In New Jersey, New York, Tax Overhaul May Be Lifting Muni Bonds

  • Analysts expected demand in high-tax states would increase
  • New Jersey, New York yields have narrowed against benchmark

Some municipal-bond analysts expected the new $10,000 limit on state and local deductions would increase demand for debt issued by high-tax states as wealthy residents look for ways to reduce their federal tax bills.

The prices of New York and New Jersey bonds seem to be bearing out that call.

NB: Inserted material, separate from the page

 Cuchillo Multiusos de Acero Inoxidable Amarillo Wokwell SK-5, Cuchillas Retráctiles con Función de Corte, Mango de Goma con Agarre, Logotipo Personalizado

The yields on 10-year bonds issued by the two states have drawn closer to top-rated bonds since the federal tax-overhaul legislation was released in early November, according to data compiled by Bloomberg. New York’s yields -- which were as much as 0.19 percentage point above the benchmark in early November -- have since dropped to about 0.06 percentage point below it. For New Jersey, that gap has slipped to about 0.66 percentage point from more than a percent point in November.

That stands in contrast to Florida and Texas, two relatively low-tax states whose bonds have been little changed against the benchmark since the tax changes were enacted.

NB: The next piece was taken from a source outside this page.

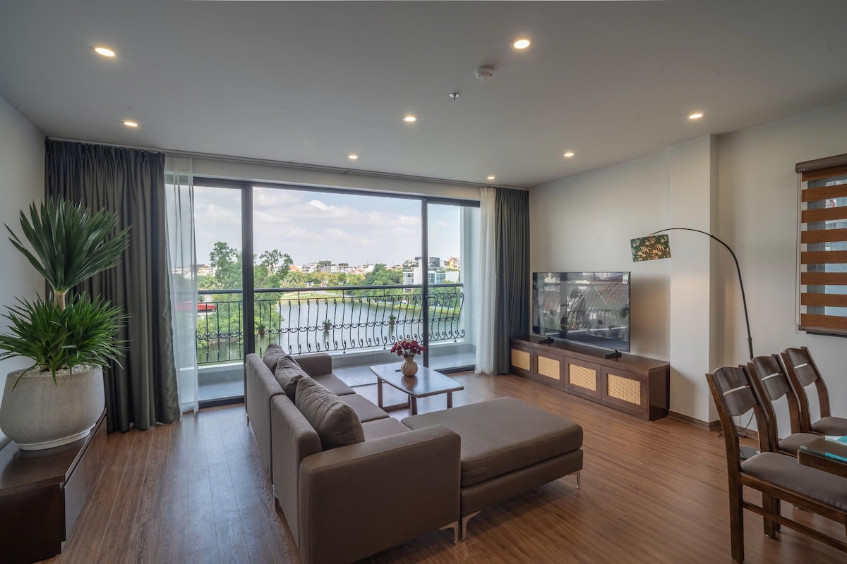 Chào Mừng Quý Khách Tới Thăm Căn Hộ Mới! Không gian sống lý tưởng rất bình yên, ban công dài rộng phơi nắng & hướng nhìn tận hưởng View Hồ. Diện tích căn 2 phòng ngủ #115m2 riêng tư, phòng khách siêu rộng lớn nhiều ánh sáng tự nhiên kết nối khu bếp đầy đủ dụng cụ bếp. Tiện ích: Smart tivi 65INH, Sofa êm, Máy giặt/sấy, Điều hòa âm trần 2 chiều công suất lớn, Phòng ngủ lớn/ nhỏ có 02 chiếc bàn làm việc...... Vị trí kết nối nhanh với khu Phố Cổ, Lăng Chủ Tịch và nhiều điểm thăm quan.

The limit on state and local tax deductions will fall heavily on residents of states where many pay more than $10,000 a year in property and income taxes. Analysts speculated that the change could boost interest in municipal bonds, whose income is tax-exempt, as a possible way to cut their federal tax bills. 

Not all the higher-tax states are seeing a bond-market impact. California’s yields, which have been steadily declining against the benchmark for years because of the government’s improving finances, have been little changed. And in Connecticut, where Governor Dannel Malloy has been contending with chronic deficits, demand hasn’t been enough to turn the tide: Investors are demanding even higher payouts to compensate for that risk.